Fosiller içlerinde bulundukları kaya katmanlarının nasıl bir ortamda
oluştukları hakkında da bilgi taşıyan önemli kaynaklardandır. Ortamın
derin, sığ, sıcak, soğuk deniz veya göl; ya da karasal olup olmadığını
belirlememize yardımcı olanortam tanımlayıcı fosiller bulunmaktadır.
3.
Geçmiş jeolojik dönemlerde yaşamış ve nesilleri milyonlarca yıl önce
tükenmiş kimi canlı türleri hakkında bilgi edinebileceğimiz tek kaynak
yine fosillerdir.
4. Kimi fosiller içlerinde bulundukları kaya katmanlarının jeolojik yaşlarını belirlemede kullanılmaktadır. Bunlara yaş belirleyici fosiller denir.
5.
Petrol ve kömür fosil kaynaklı olduklarından, arazide bunların aranıp
bulunmasında kimi fosil türleri önemli göstergeler olarak
kullanılırlar.
6. Fosiller
doğa tarihi müzelerinde, jeoloji ve paleontoloji bölümü olan
üniversitelerin koleksiyonlarında ve mineral ve fosil örnekleri
pazarlayıcıların işyerlerinde görülebilir. Günümüzde internet
kaynakları sayısız fosil örneklerinin nitelikli fotoğraflarına ve
fosiller hakkında her tür bilgiye erişme olanağı sağlamaktadır.

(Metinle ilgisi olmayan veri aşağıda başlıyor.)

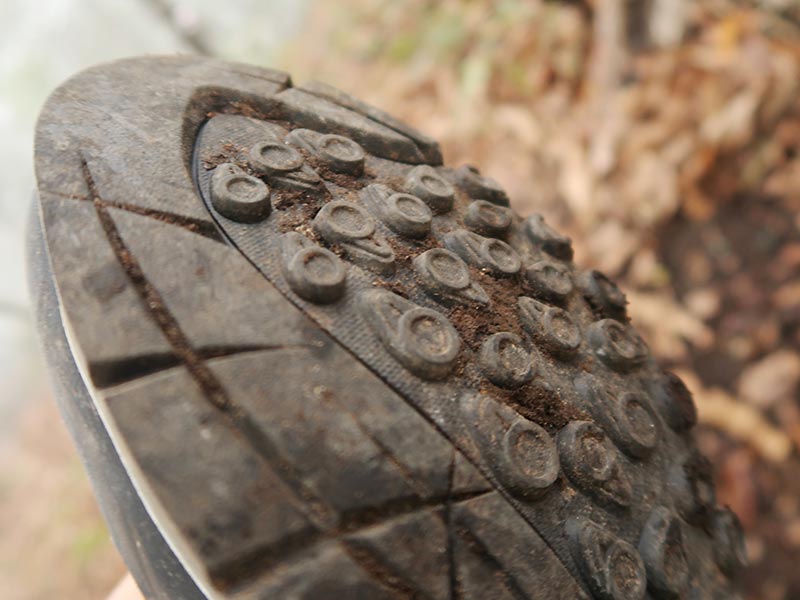 しかし、アウトソールのブロックパターンの凹凸が深いトレッキングシューズに比べると、「GK26」のアウトソールは土を噛む力があまり高くはない。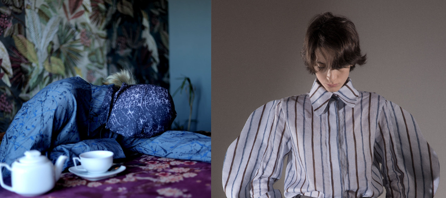 Specifically in this collection called "Continuum," there are techniques of zero-waste fashion, Shingo Sato, and origami processing. The theme of the collection is divided into two parts - vintage and futuristic. Also, I like the hand-painted prints on the fabric and the shibori, which I process with my technique so that such a product later becomes exclusive. It requires a lot of time and hard work. I mostly use natural fabric, but depending on the idea, I mix artificial if necessary. I do not use leather and natural fur. I try not to damage the world with my ideas and art, therefore I do not throw waste and give them a certain form. I have created several jackets with this technique, this is also a kind of character of my brand.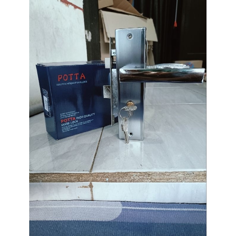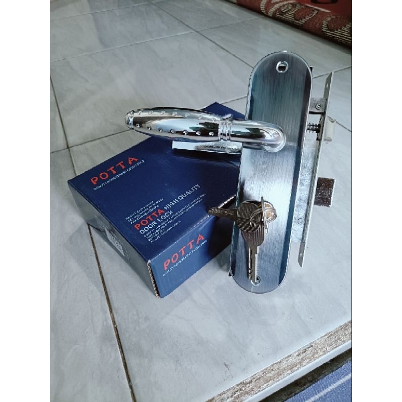 POTTA Gagang Kunci Pintu Handle Kunci Pintu Rumah Tanggung Set 20cm Crom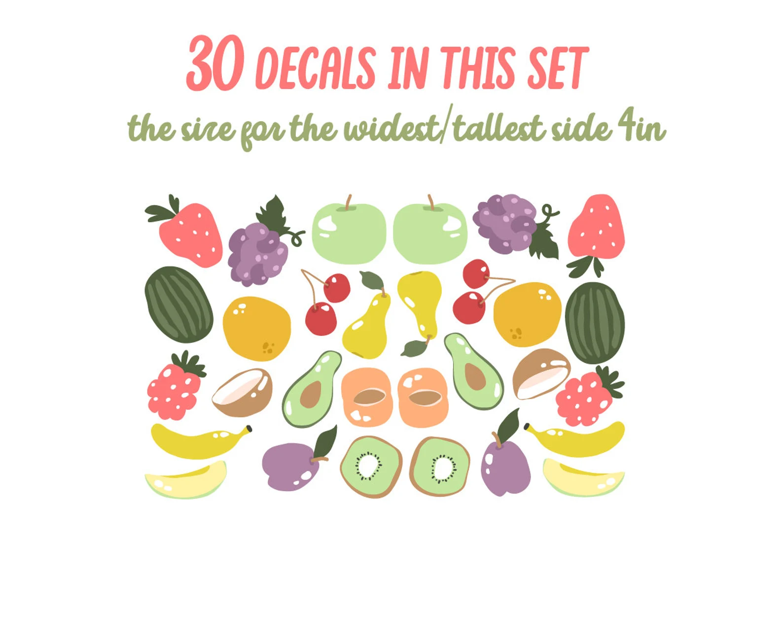 - A full sheet of your chosen fruit decals 30 decals in this set with different size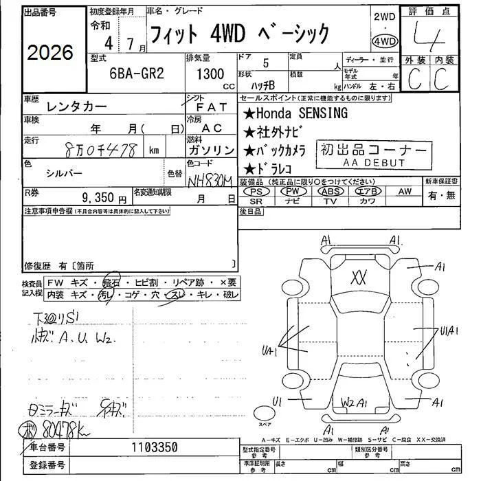 Honda FIT с аукциона Японии JU Fukushima лот № 2026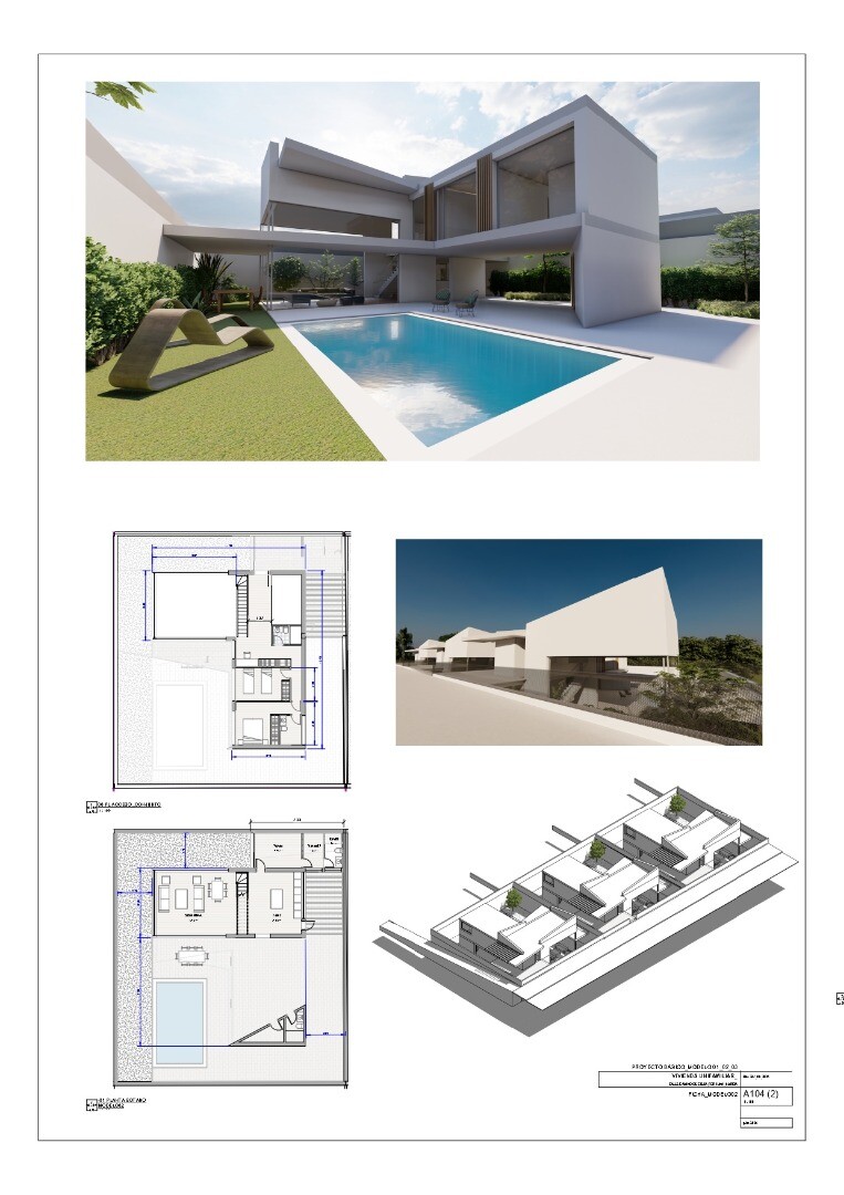 Nedidelis 3 identiškų išskirtinių vilų projektas Fortūnoje – Las Kalendas, 365 m² sklype. Vilose bus 3 miegamieji, 4 vonios kambariai, 2 sandėliavimo patalpos, pilnai įrengta virtuvė ir vonios kambariai, elektrinės žaliuzės, karšto/šalto oro kondicionieriai per ortakius ir 6x3 m baseinas.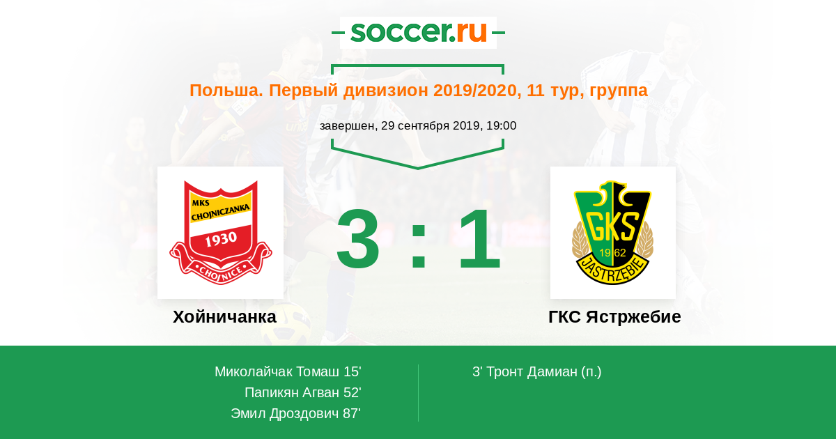 Протокол матча Хойничанка против ГКС Ястржебие
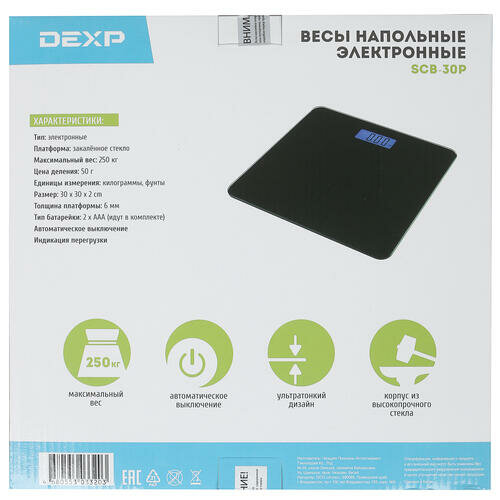 Весы DEXP SCB-30P, электронные, точность 50г, максимальная нагрузка 250кг, автоматические интересное: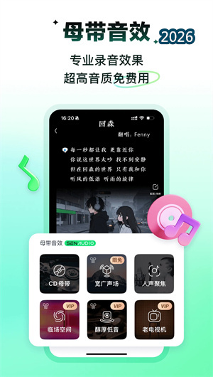 针对个人演唱体验,回森App提供了从录制到发布的全链路专业工具。其核心是源自回森专研实验室的AI音效引擎,该引擎集成了智能升降调、一键智能修音及多场景混响(如录音棚、演唱会、空灵山谷等)技术,能够自动优化人声音准、修饰音色,并匹配最佳声场环境。用户可以利用海量的新潮音乐视频模板、动态视觉特效和精美配图素材库,一键生成具备MV质感的作品。平台独有的练唱评分模式和逐句细节指导功能,则能帮助用户精准提升演唱技巧,将唱歌过程中的所有“小烦恼”转化为愉悦的创作享受。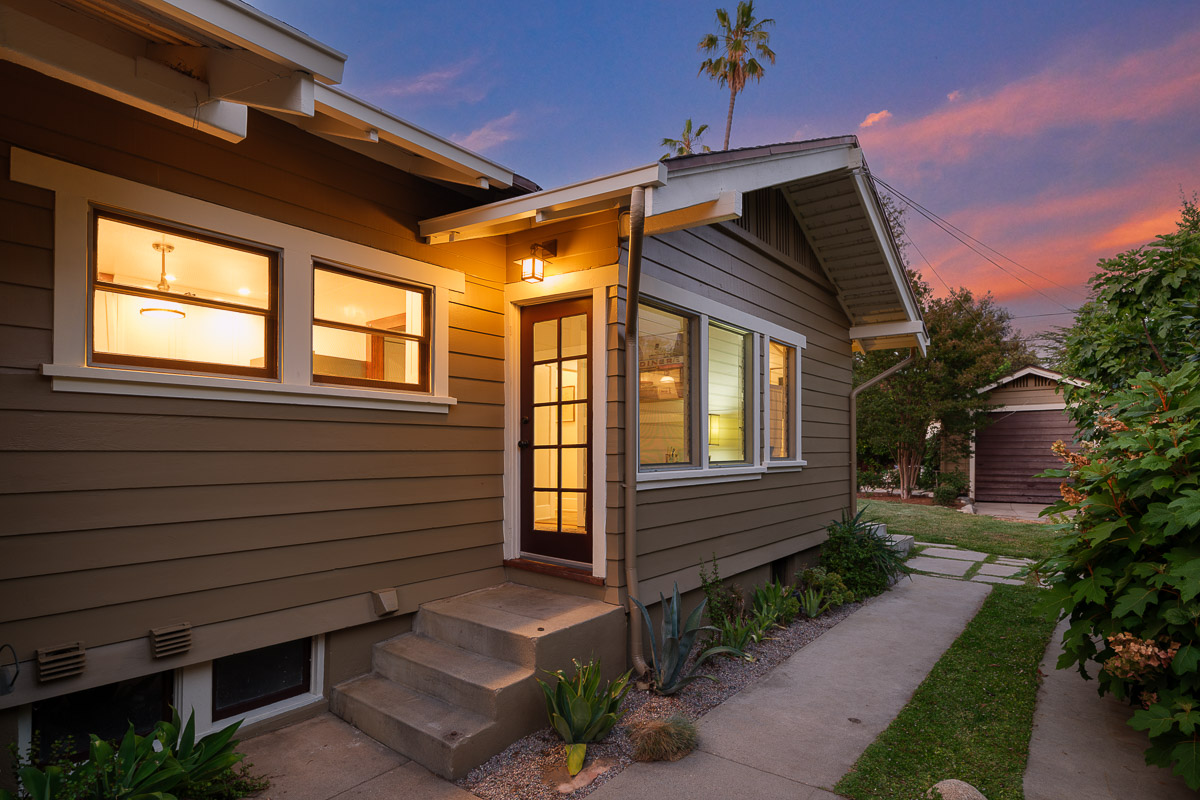 This exquisite three bedroom, two bath, 1,915 square foot (measured) 1914 Craftsman Bungalow, with a den or office, has been lovingly remodeled and restored throughout. The house is an idyllic reflection of the arts and crafts movement while still offering a welcoming floor plan for entertaining or for enjoying the best of the California lifestyle. The interior is filled with period grace and details including hardwood floors, wide baseboards, rich wood moldings, elegant woodwork, gorgeous fixtures, as well as custom built-ins, all reflecting the majesty of the era.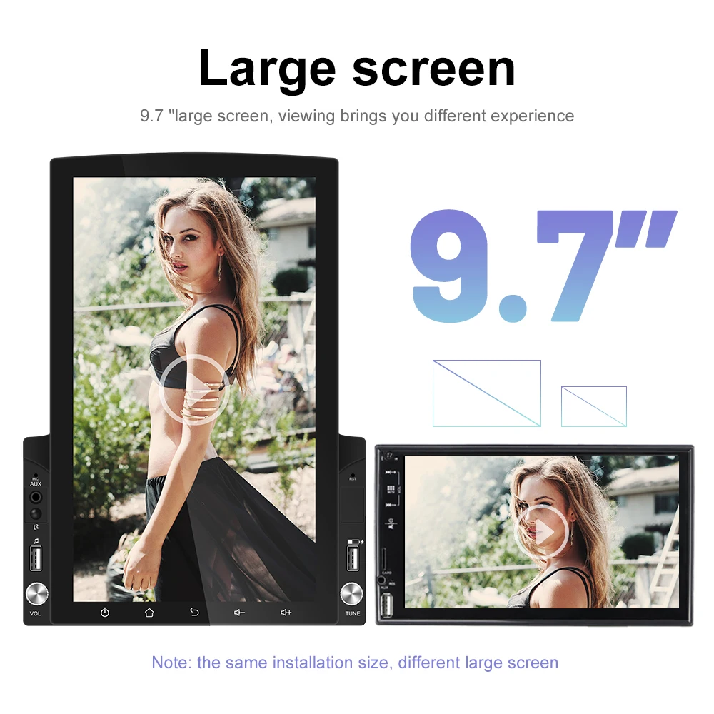 Features:●HD 9.7'' Glass Mirror auto radio player●Vertical screen: the display effect is more three-dimensional●Upgraded Dual system mirror link:IOS/Android mirror link IOS one-way:IOS supports mobile phone one-way projection to the machine Android two-way:Android supports mobile phone two-way connection●Built-in GPS Navigation: Users can purchase directly from play store for offline navigation. With wifi connected, Google Maps can be used perfectly, you can go anywhere you want and never get lost again.● Built-in WIFI: Connect to WIFI, and you will find a new world,the most convenient one is the online map.●Rear view camera: Need to choose the camera,the car is connected to the reverse gear to automatically switch(requires optional)●Steering wheel control: Through it you can control the functions you need by steering wheel, more convenient●Built-in Bluetooth with A2DP/Hands Free/Phone book:Bluetooth hands-free calls,Bluetooth music player,Auto loading phonebooks●Driving recorder: You can choose a recorder, and the car has playback, the evidence can be retained●Double USB adapter input,USB fast charge●Support file manager: Support download, install and delete over thousands of android apps●Support multilanguage: Support languages, up to 40 national languages●You can enjoy music from you mobilephone without any cables, and also support USB connetion.●FM Radio: Online music you can transfer the music to the car stereo by FM to enjoy the original car stereo sound,with 18 preset stations● Time Setting:You can use the network or GPS to open the date and time automatically, or you can adjust it manually.Specifications:System:AndroidChipset:8227L-DEMOScreen size:9.7''Memory:1GB (RAM)+16GB (ROM)Screen resolution:1024*600Mirror link:Android/IOSRadio chip:MTKPower output:4*45WWork temperature:-40℃-80℃Steering wheel control function:SupportBluetooth version:4.0Power amplifier chip:AC7388Radio Band:FMVideo output:SupportMaps:Built-in offline mapsWIFI:SupportUSB:Three USB interfaceCar logo change:SupportAudio format:APE/FLAC/WAV/MP3/WMA etcVideo format:MKV/RMVB/AVI/MP4/MDV etcPicture format:PNG/JPEG/JPG/GIF/WBMP/BNP etcFactory setting keyword:8888Language:Chinese/English/French/Italian/Korean/Japanese/Arabic/Spanish/Portuguese/Russian/Turkish/Vietnamese/Hebrew/Polish/GermanPackage Included:1 x Car MP5 Player1 x Power Cable1 x GPS Antenna1 x Camera Input1 x RCA Input and Output1 x USB Cable2 x Metal Frame4 x Screw1 x Instruction manualTips:1.Why can't turn on the car radio ?1.1Please check the Voltage of car radio:12V1.2When you test this car radio,you can combine the red and yellow wires and connect them to the positive side of the power supply.Black line to negative power supply.1.3Replace the same type of insurance to test the car radio.Note: Please must use our power cables to connect our car radio,it is not possible to insert the original car plug directly into our machine.2.Why the car radio will show "No Signal" when we reversing?Please check if the camera's line is properly connected to the car radio.Note:The video port of rear camera must insert the "CAMIN" port of car radio.3.Why does the camera display "!" and "Can't watch video while driving" when I use USB to watch videos?Please turn off the "Video Warning" function in the settings,then will be OK.4.Why can't search FM?4.1: No radio antenna inserted;4.2: Please check if the radio antenna is plugged in. Please insert more antennas several times to make it well contacted;4.3: The signal of your location is not good. Please go to a better place to test again4.4: The radio antenna on the car is broken/no effect; please replace the radio antenna and test again.5.Why can't connect the Bluetooth of car radio?5.1 Open the phone settings interface, open the Bluetooth in the Bluetooth function, search for Bluetooth devices, find the player's Bluetooth model to be paired; if you need a pairing code, enter 0000; if not, try 1234 or 123456.5.2 Please try to use another mobile phone to test this function.All methods are correct and still cannot use Bluetooth, Please unplug the plug on the back of the player and plug it in after 3 minutes.

Türkiye’de maalesef henüz gerçek anlamda bir doğa tarihi müzesi
bulunmamaktadır ve bu durum ülkemiz için bir eksikliktir. Ankara’da
Maden Tetkik ve Arama Müdürlüğü müzesinde oldukça kapsamlı fosil
koleksiyonları vardır.
Soru 3- Fosilleşme nedir?
Geçmişte
yaşamış bir canlının kendisinin veya yaşam ortamında bıraktığı çeşitli
izlerin fosil haline gelmesi, başka bir ifadeyle geride fosil
dediğimiz her türlü kanıtı bırakması olayına fosilleşme diyoruz.
Fosilleşme
esas olarak deniz veya göl gibi su ortamlarında meydana gelir. Çünkü
bu ortamlarda ölen canlıların gövdelerinin veya bıraktıkları izlerin
içi veya üzeri kısa sürede kum, kil, mil, kireç gibi tortularla dolarak
ve örtülerek korunma sağlanmış olur. Buna karşılık karada ölen
canlılar kısa sürede ya çürüyüp topraklaşır veya başka canlılar
tarafından yenilip yok olurlar. Denizel ortamda da ölen canlıların tümü
değil, ancak küçük bir kısmı fosilleşebilir; birçoğu ise deniz dibinde
çürüyerek, eriyerek veya başka deniz canlıları tarafından yenilerek
yok olur. Ama yok oluş karasal koşullarda çok daha büyük oranlardadır.
Şekil 3
Fosilleşmenin (fosil oluşumunun) şematik açıklaması Ressam tarafından çizilmiş hayali şekiller (Şekiller davidebonadonna.it.’den alınmış, açıklamalar eklenmiştir-Y.T.) |
Şekil 3A: Denizel
ortamda yaşayan canlılar öldüklerinde deniz dibindeki tortul katmanlar
üzerine çökelirler. Etli kısımları kısa sürede çürüyerek veya başka
canlılarca yenilerek yok olur; iskeletleri veya kabukları kalır.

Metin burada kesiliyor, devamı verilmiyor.